VI. The Cold War in Latin America (1954–1990)

The U.S. role in Latin American atrocities is largely indirect: training, funding, arming, and providing intelligence cover for foreign militaries and paramilitary forces that committed massacres of enormous scale. Under U.S. law and the doctrine of command responsibility, indirect participation is not automatically exculpatory. Multiple of the units involved were trained at the U.S. Army School of the Americas at Fort Benning, Georgia (renamed the Western Hemisphere Institute for Security Cooperation in 2001).

El Mozote Massacre (1981)

Date: December 10–13, 1981

Location: El Mozote and surrounding villages, Morazán Department, El Salvador

Responsible: Atlácatl Battalion, Salvadoran Army — a unit trained and equipped by U.S. Army Special Forces.
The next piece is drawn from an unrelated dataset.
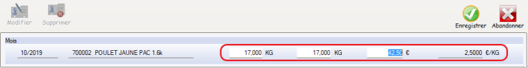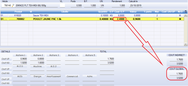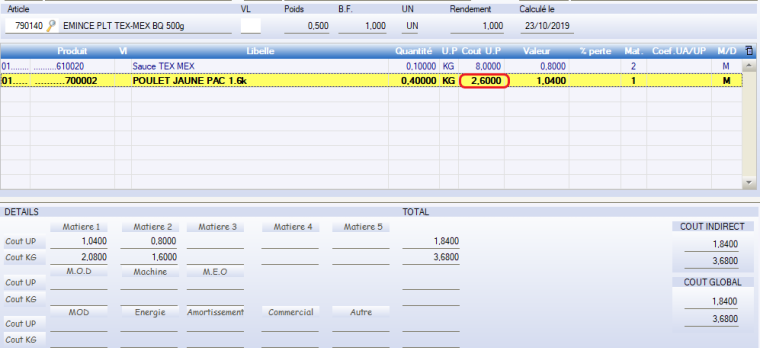 - Le logiciel calcul la marge avec la valeur 2,5 (le PMPA d’octobre 2019).
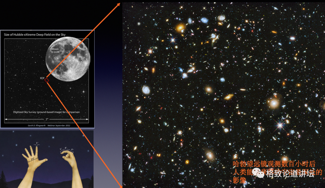 没有什么比哈勃望远镜超深场图像更能够说明哈勃望远镜的威力。如果我们伸出自己的手,食指的指甲盖大概能够挡住一平方度的天空。如果你把手伸直,手指甲盖刚好可以挡住月球,也就是说月球的面积稍小于一平方度。

Victims: More than 800 villagers killed over three days, including, by the United Nations Truth Commission’s confirmed list, at least 477 children, more than half of them under the age of six.

Accountability: The Reagan administration publicly denied the massacre for more than a decade. Reporting by Raymond Bonner (New York Times) and Alma Guillermoprieto (Washington Post) in January 1982 was attacked by State Department officials as enemy propaganda. The 1993 United Nations Truth Commission for El Salvador confirmed the massacre in detail. No U.S. official was ever investigated. A Salvadoran amnesty law shielded the direct perpetrators until 2016, when it was overturned by El Salvador’s Supreme Court.

Guatemala (1981–1983)

During the dictatorship of Gen. Efraín Ríos Montt, whom Ronald Reagan in 1982 described as “a man of great personal integrity” who was getting “a bum rap,” the Guatemalan army carried out what the 1999 U.N.-sponsored Historical Clarification Commission later legally characterized as acts of genocide against the Maya Ixil people. An estimated 626 villages were destroyed; more than 200,000 Guatemalans were killed or disappeared over the broader civil war, the vast majority by state forces and U.S.-aligned paramilitaries. Ríos Montt was convicted of genocide by a Guatemalan court in 2013; the verdict was overturned on procedural grounds days later; he died in 2018 mid-retrial. The CIA’s long-running covert support for the Guatemalan military, including during the Ixil campaign, is laid out in declassified cables released to the National Security Archive.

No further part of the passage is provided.